Platz des 18. März heißt er
inzwischen und genau dieser 18. März war der Grund, warum ich vor dem Schild
stand. Gemeinsam mit Frauen und Männern einer Initiative wollte ich mich daran
erinnern, warum ich dieses Datum für den wahren Tag der deutschen Einheit
halte.
Vor 165 Jahren, am 18. März
1848, befanden sich hier und im gesamten
Bereich östlich des Brandenburger Tores Barrikaden. In unbeschreiblichem
Aufruhr waren sie aufgebaut worden. Heftigster Tumult herrschte in der Stadt.

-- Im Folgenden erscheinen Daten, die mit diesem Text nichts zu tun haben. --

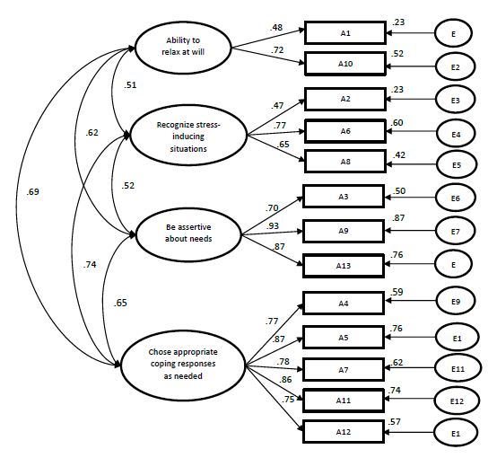For part A (current self-perceived status), an internal consistency of .90 (standardized Cronbach’s alpha), and an explained variance of 74.2 % was found with four factors: 1) Recognizing stress-inducing situations α = .73, 2) Being assertive about needs α = .86, 3) Choosing appropriate coping responses as needed α = .90 and 4) Ability to relax at will α = .51.

Die Soldaten sollten verschwinden, forderte das Volk. Alle kämpften mit,
Männer, Frauen, Kinder, Greise, Arbeiter und Apotheker. Alle waren sich einig
in ihrer Empörung über des Königs Militärdespotie und Ignoranz. Was war
geschehen? Wenige Kilometer von hier auf dem Schlossplatz wollte Friedrich
Wilhelm IV. seine Untertanen beruhigen, doch stattdessen fielen Schüsse. In dem
Moment ging der Sturm los, wurde zum Orkan und war nicht mehr aufzuhalten, die
ganze Nacht hindurch, bis in der Stadt kein einziger Soldat mehr zu sehen war. Hatte
das Volk über Monarchenwillkür gesiegt?
Theodor Althaus war als
Korrespondent der Bremer Weser-Zeitung
in die preußische Hauptstadt geeilt, stand in der Menge, als der König einlenkte,
mit schwarzrotgoldener Binde durch die Straßen ritt und vor Studenten der Berliner
Universität die Parole Preußen geht
fortan in Deutschland auf verkündete.
Auch am folgenden Tag war er Augenzeuge, als der Monarch sich barhäuptig
vor den gefallenen Revolutionären verneigte und im langen Trauerzug folgte er
den 183 Särgen zur Bestattung auf dem Hügel in Friedrichshain.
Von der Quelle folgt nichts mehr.